The European Union Chamber of Commerce in Beijing published a lengthy report on Tuesday, criticizing the China Manufacturing 2025 strategy. It says foreign companies are being unfairly treated, and warns that government subsidies could create huge overcapacity in certain sectors.
Dubbed the "Made in China" plan by Chinese media, the strategy adopted in 2015 outlines how Beijing plans to accelerate growth in 10 industries, including robotics, electric cars and next generation technology.

The "broad set of policy tools" Beijing is deploying "are highly problematic," the chamber said in its report.
It cited unfair treatment of foreign automakers as one example. In order to produce and sell electric vehicles in China, European companies are being pushed to share their battery technology with Chinese partners.

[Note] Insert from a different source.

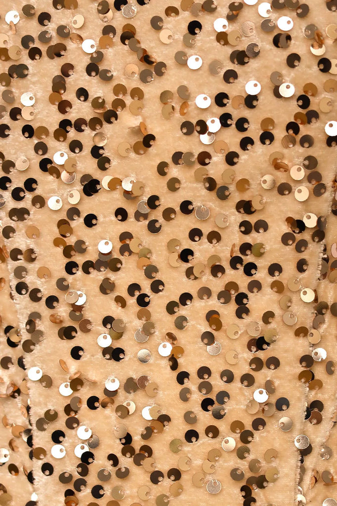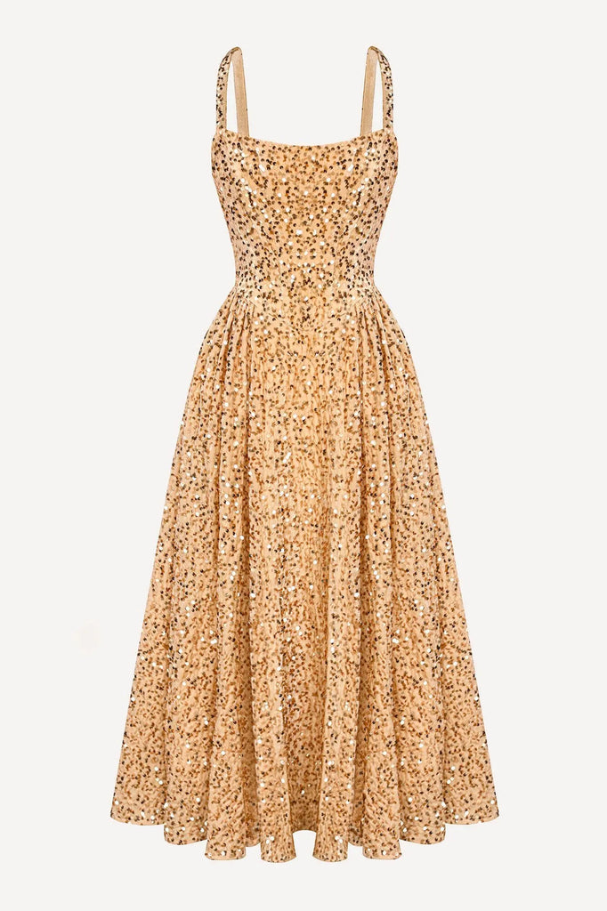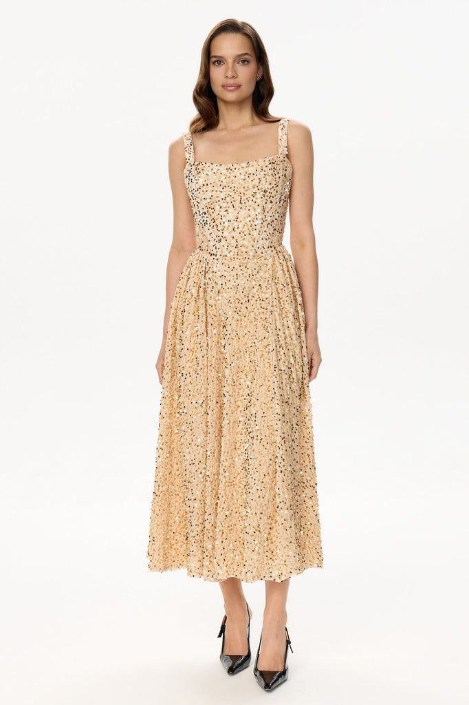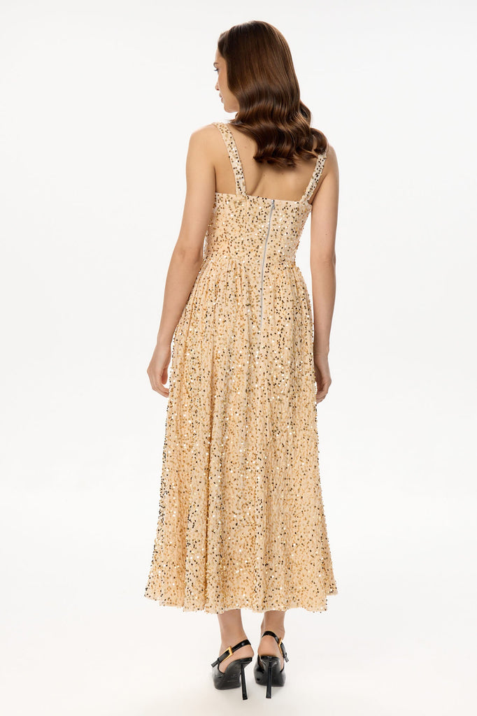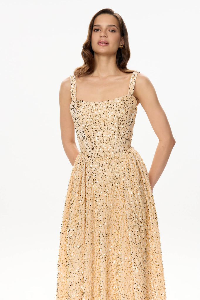 A midi dress crafted from sumptuous velvet in an exquisite gold shade, featuring wide straps and a voluminous, flowing skirt. The dazzling fabric, adorned with sequins, radiates glamour and opulence. The deep neckline elegantly highlights the décolletage and collarbone, while the structured corset design ensures a flawless fit, accentuating your graceful contours and adding a touch of irresistible femininity and allure.

"European business is facing intense pressure to turn over advanced technology in exchange for near-term market access," the report said.

That kind of pressure is a violation of China's commitments to the World Trade Organization, the chamber said.
The report also notes that China is subsidizing local producers of electric and plug-in hybrid vehicles, again in possible violation of the country's commitments to the WTO.

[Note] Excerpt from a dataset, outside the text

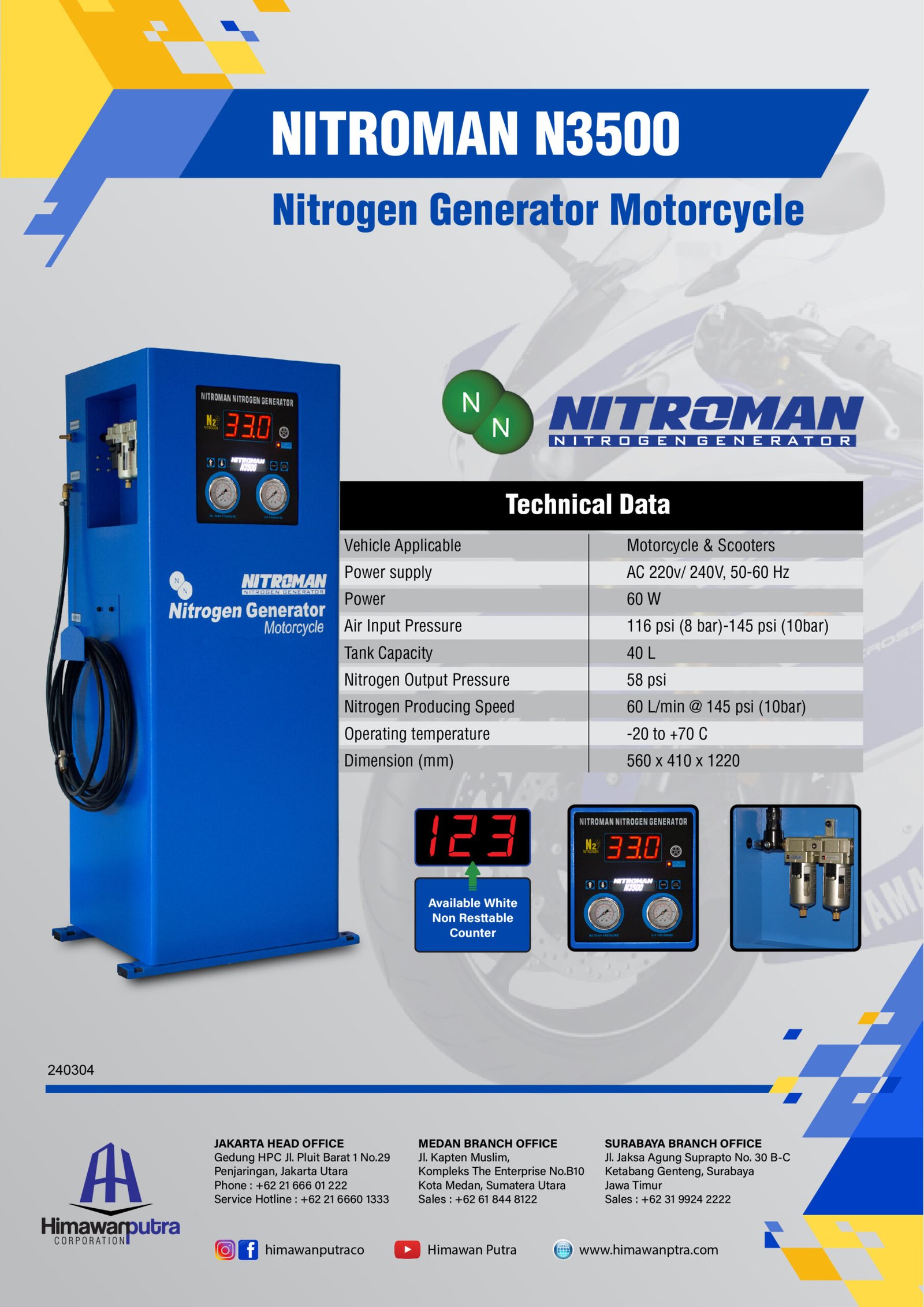 N₂ Producing Speed 60 L / Min (@10 Bar Input)

Beijing wants Chinese manufacturers to have more than 80% of the domestic market for such vehicles by 2025, the chamber said, citing a publication on the Ministry of Industry and Information Technology's website.
Other policies, including "staggering" subsidies running to hundreds of billions of euros, are already harming European businesses in other sectors.

For instance, generous government handouts to the industrial robotics sector could swamp the market with overcapacity, the chamber said.
Foreign companies doing business in China frequently cry foul, accusing Beijing of rolling out policies intentionally designed to cripple international businesses.

Tuesday's report is consistent with findings from a survey the chamber published in June, where European companies said they were getting a tougher deal than Chinese companies.

Similarly, the American Chamber of Commerce in China published a survey last year, in which 77% of firms who responded said they felt less welcome in the country than before.